Die Generalversammlung der Allgemeinen Anthroposophischen Gesellschaft hat am 24. März dem turnusgemäßen Antrag auf Verlängerung der Amtszeit von Paul Mackay und Bodo von Plato im Vorstand nicht angenommen. Daraufhin verteilte die Goetheanum-Leitung alle Mandate und Aufgaben neu. Parallel dazu führte die Betriebsleitung eine Betriebsanalyse durch. Im Gesamtergebnis hat sich die Goetheanum-Leitung für einen Neugriff der Betriebs-kultur entschieden.

Kern des Goetheanum ist die Freie Hochschule für Geisteswissenschaft mit elf Fachsektionen. Neu wird die Tätigkeit der in ihrem Dienst stehenden Betriebsabteilungen – beispielsweise Empfang, Veranstaltungskoordination, Hausdienst und Gärtnerei – sachbezogen jeweils einer Fachsektion zugeordnet. Dadurch soll die Idee dieser Hochschule bis in die Umsetzung vor Ort wirksam sein und die Erfahrungen im Betrieb als Ertrag der Hochschule zu Verfügung stehen.

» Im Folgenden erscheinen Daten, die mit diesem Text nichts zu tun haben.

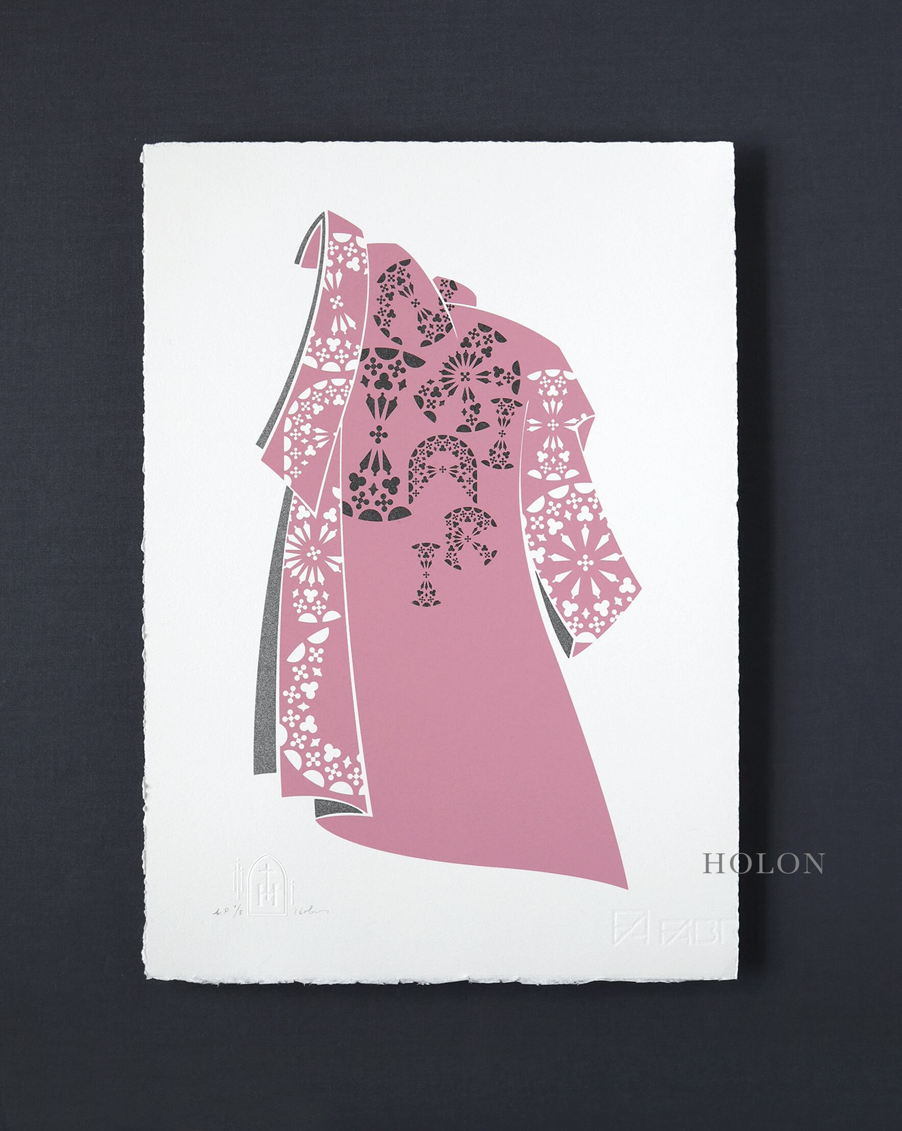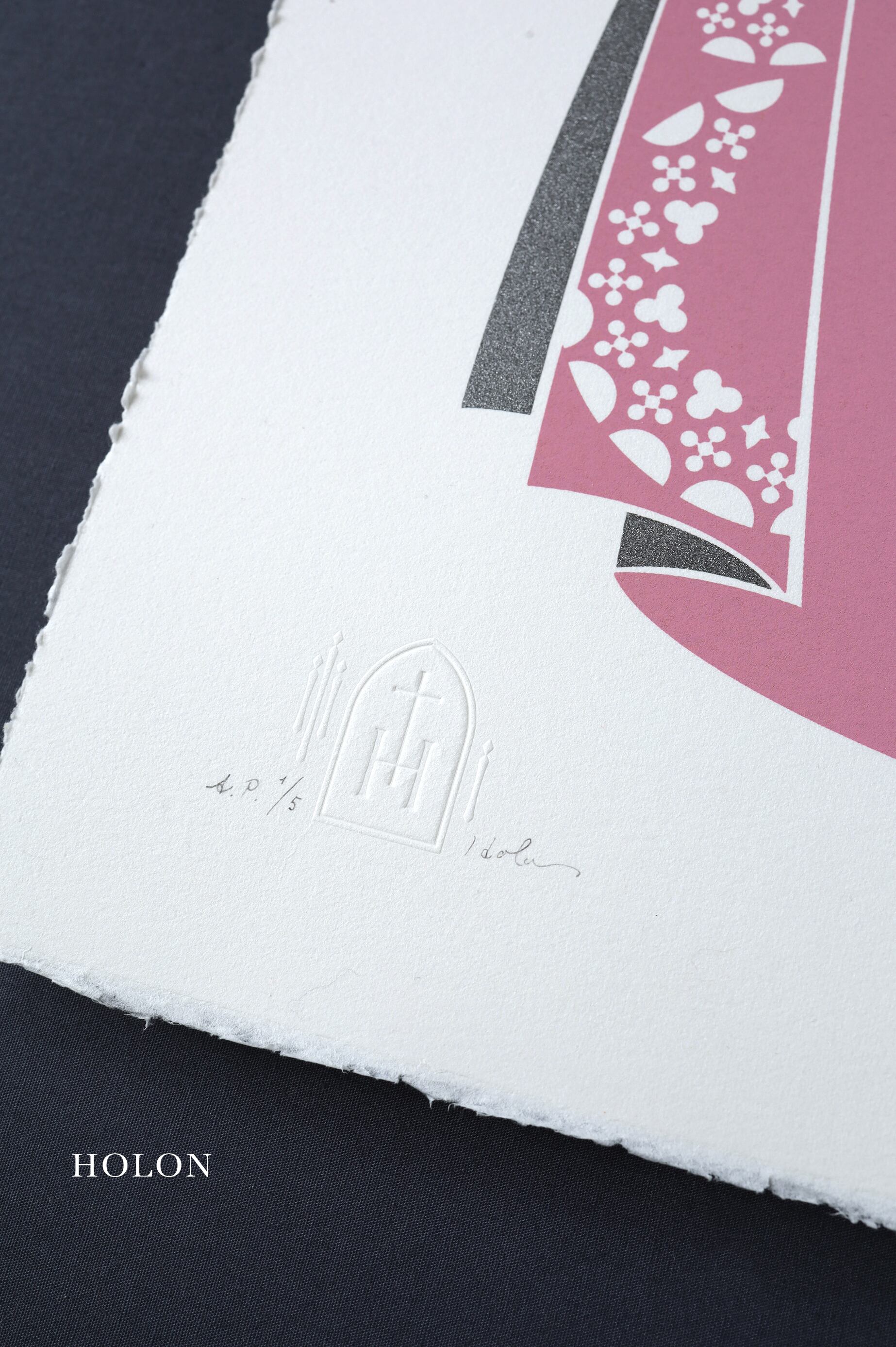 イタリアの老舗製紙ブランド「ファブリアーノ社」が誇る風合い豊かな高級紙ファブリアーノロサスピーナ紙を使用したシルクスクリーン作品です。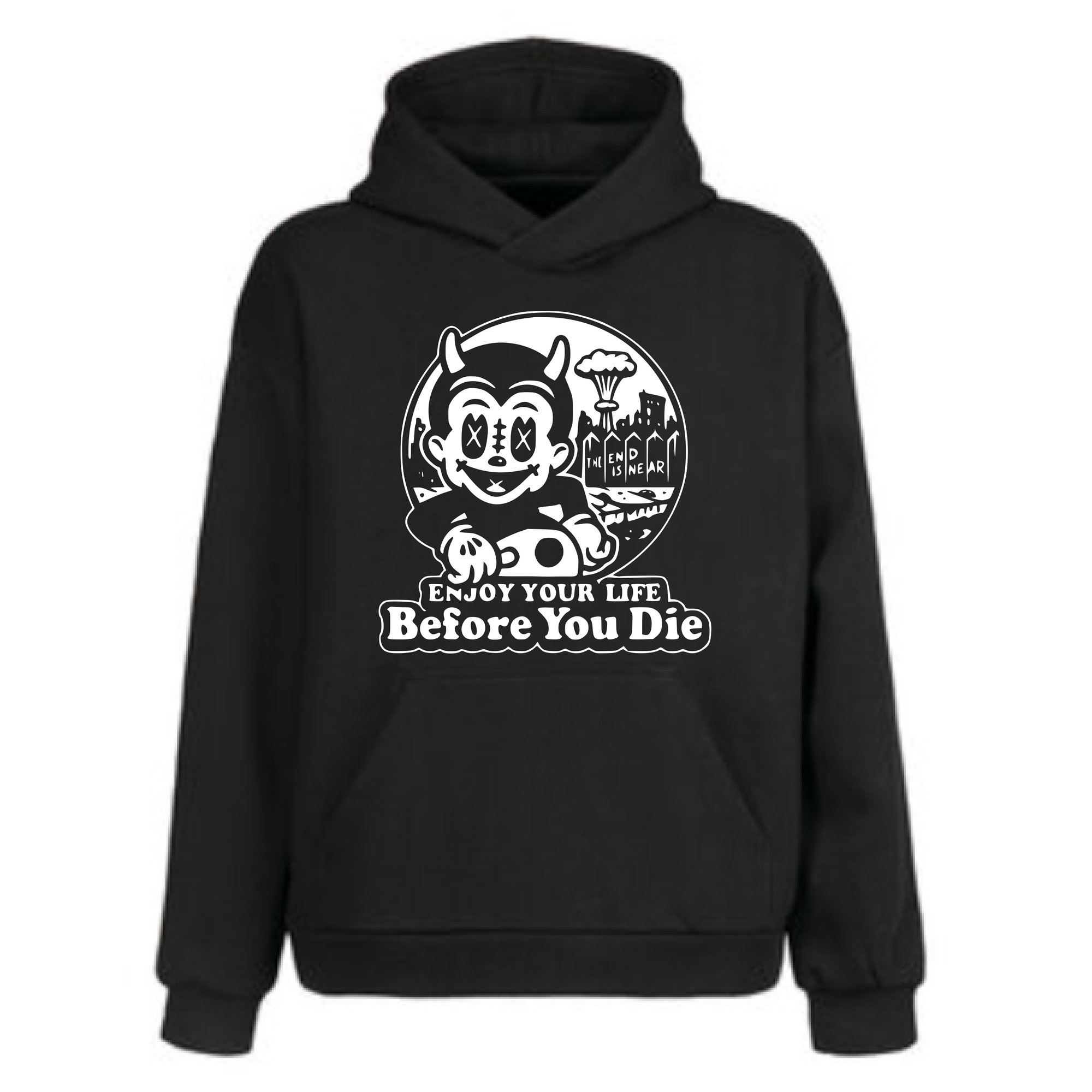 Before you die you should enjoy your life! On a premium heavyweight hoodie. Made of 80% cotton and 20% polyester. 400GSM sure to keep you toasty! Hit [email protected] to discuss color options! I love you! 🤙🏻🚀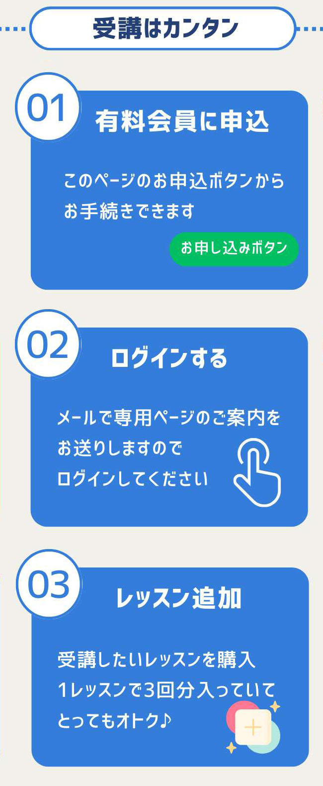 レッスンはどのくらいの頻度で増えますか?基本的には1ヶ月に1パック(レッスン3回分)追加していく予定です。が、先生のスケジュール等で難しい場合もございます。予めご了承ください。 |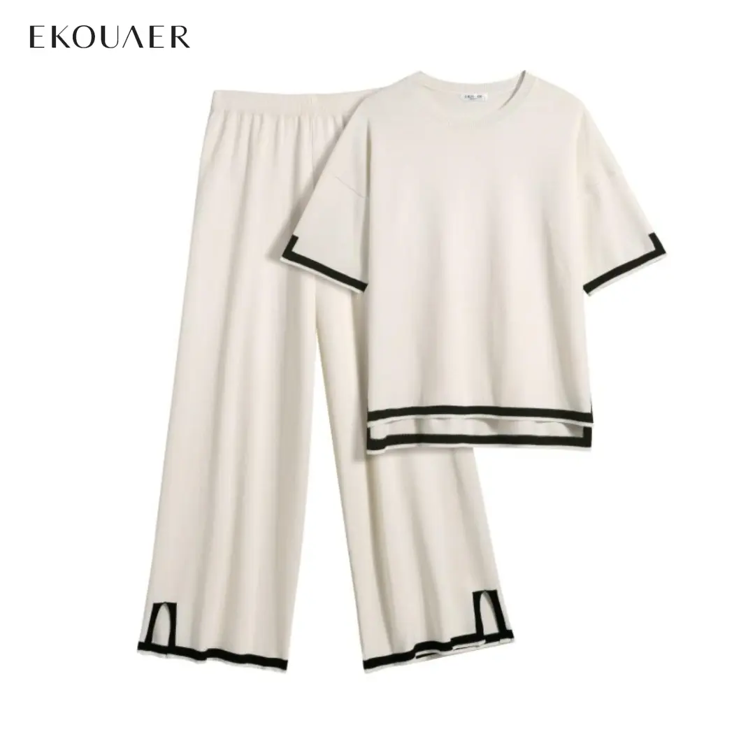 ·FEATURES: 2 pack sets for women features short sleeve pullover tops and wide leg long pants, solid color, crew neck, drop shoulder, side split hem, high low irregular, catching patchwork design adds a playful touch to your outfit.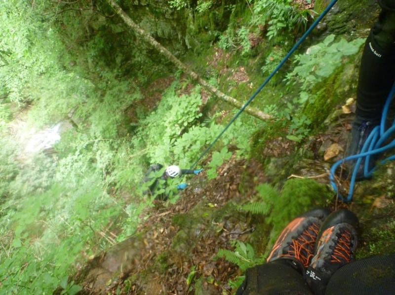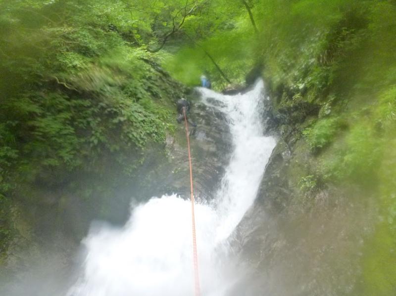 - 今回はかなりの増水ですが、登れる場所はロープ出して確保しながらのぼりました。

Das Ziel ist eine ‹gegliederte Verantwortung›: Hierarchien sollen abgeflacht, mehr Eigenverantwortung und Selbstführung sollen ermöglicht und der Zusammenhang des Einzelnen zum Ganzen ausgebaut werden.

Justus Wittich, Mitglied des Vorstands und der Betriebsleitung, lud die Mitarbeitenden ein, sich auf diese Umwandlung einzulassen. «Das ist ein Prozess, der etwas Zeit braucht. Wir werden auch immer wieder scheitern. Aber das ist nicht schlimm – auch dann machen wir weiter.»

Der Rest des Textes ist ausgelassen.